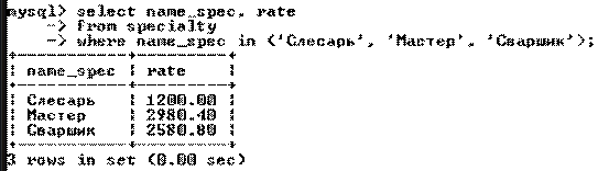 Пусть необходимо выбрать специальности слесарь, сварщик или мастер и их ставки (rate) из таблицы Специальность (specialty). Исходная таблица Специальность (specialty) отображена на рисунке 7.3. Результат выполнения запроса отображен на рисунке 7.8.
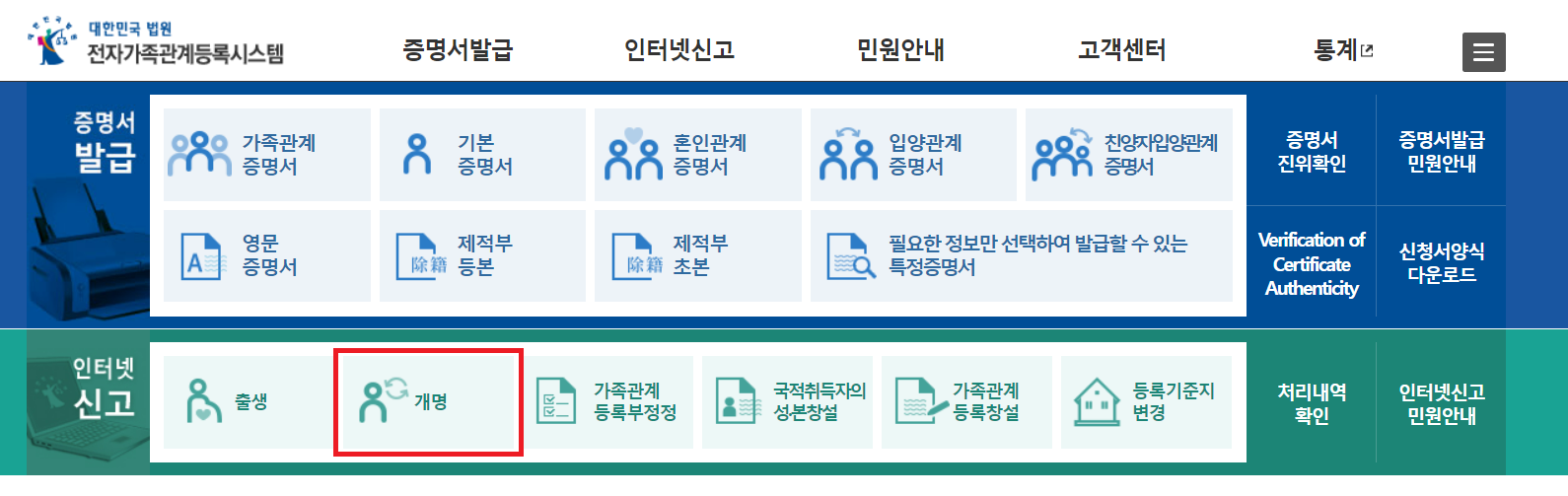 해당 결정등본을 확인한 후 이제 개명신청을 해야하는데요.
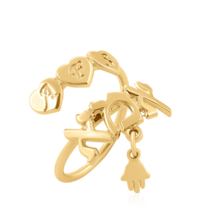 טבעת אמא עם שמות ילדים חרוטים על גבי לבבות וחמסה תלויה. ניתן לקבל בכל המידות, עד 3 לבבות. אפשרי גם בכסף 925
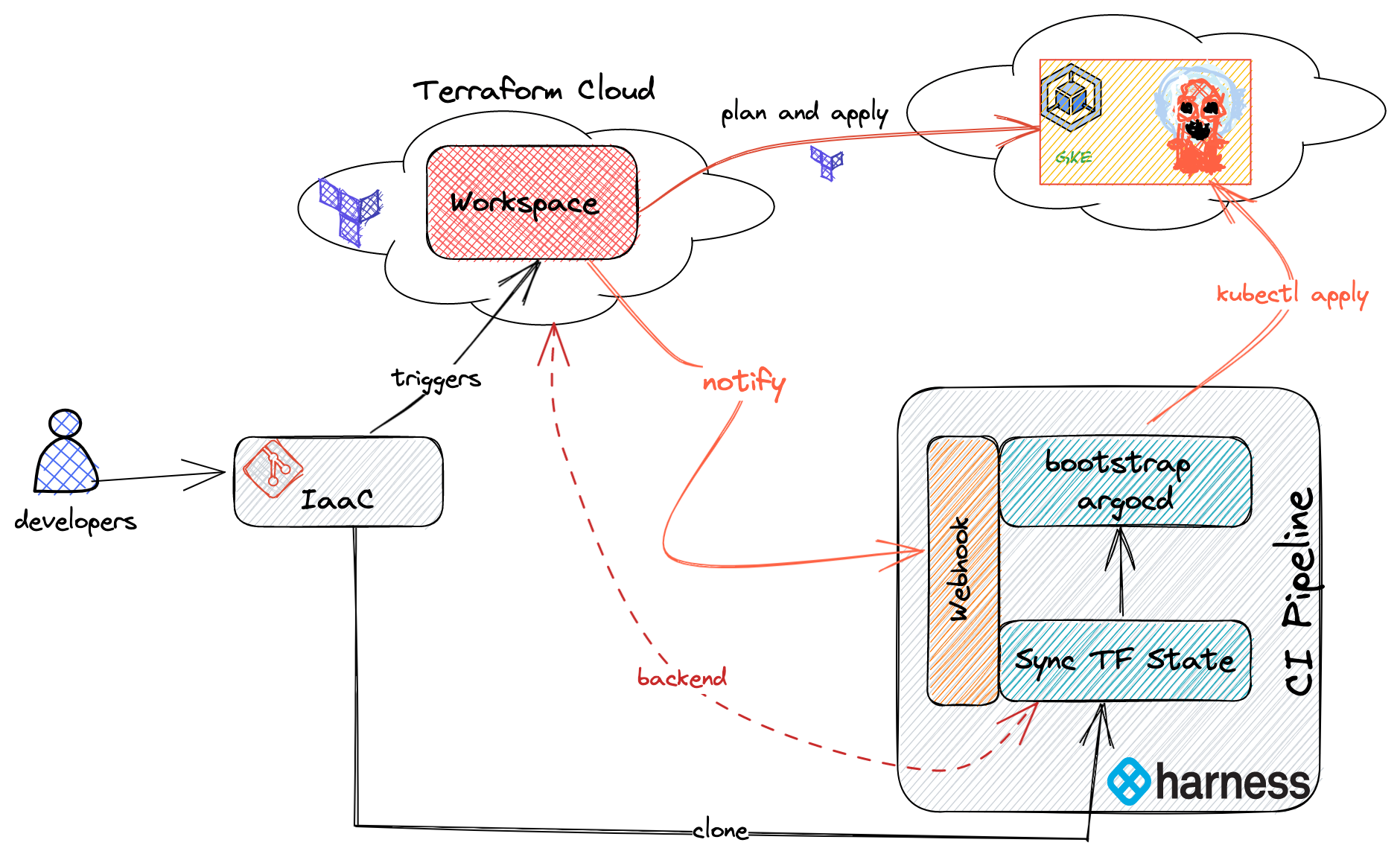 As CI/CD user, I want to provision a Kubernetes cluster on Google Cloud Platform (GKE) using Terraform. When the cluster is successfully provisioned, trigger a CI pipeline to start bootstrapping ArgoCD on to GKE.
---
_TASK TO COMPLETE_
Word for word, restate the lines from the first line of the material through the line containing "טבעת אמא עם", with the pictures left out.

_SOLUTION TO THIS EXERCISE_
 Пусть необходимо выбрать специальности слесарь, сварщик или мастер и их ставки (rate) из таблицы Специальность (specialty). Исходная таблица Специальность (specialty) отображена на рисунке 7.3. Результат выполнения запроса отображен на рисунке 7.8.
 해당 결정등본을 확인한 후 이제 개명신청을 해야하는데요.
 טבעת אמא עם שמות ילדים חרוטים על גבי לבבות וחמסה תלויה. ניתן לקבל בכל המידות, עד 3 לבבות. אפשרי גם בכסף 925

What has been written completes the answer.